Diodes are semiconductor components that act as a one-way switch for current. Diodes allow current to flow easily in one direction but severely impedes current from flowing in the opposite direction.
Diodes have polarity, determined by an anode (positive lead) and the cathode (negative lead). Many diodes allow current to flow only when a positive voltage is applied to the anode.
They are also known as rectifiers because they change alternating current (AC) into pulsating direct current (DC). Diodes are rated according to their type, voltage, and current capacity.
Diodes are available in many configurations, such as:
Plastic case with a band
Plastic case with chamfer
Diodes are forward-biased when they allow current flow, when reverse-biased it does not permit current to flow and acts as an insulator.
A Diode circuit diagram symbol arrow points against the direction of electron flow.
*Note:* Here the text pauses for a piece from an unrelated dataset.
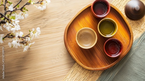 tea, cup, ceramic, wood, tray, zen, tabletop, warm, pastel, relax

The voltage applied to the anode is positive with respect to the cathode. Also, the voltage in the diode is higher than the threshold voltage, so it acts as a short circuit and allows current to flow.
If the cathode is made positive with respect to the anode, the diode is reversed-biased. It will then act as an open circuit; therefore, no current will flow.
What are diodes used for?
Reverse current protection
Blocking diodes are used in some electronic circuits for protection, such as, an accidental reverse connection problem:
Connecting a DC supply in a wrong way
As the flow of current in the wrong direction can damage other circuit components.
Simple Voltage Regulator
Voltage regulators are used to step down the input voltage to the required level and will keep it stable despite fluctuations in the supply. They can also regulate the output voltages, Zener diodes are usually used as a voltage regulator because it is designed to work in the reversed bias condition, but also behaves like normal signal diodes when in forward bias.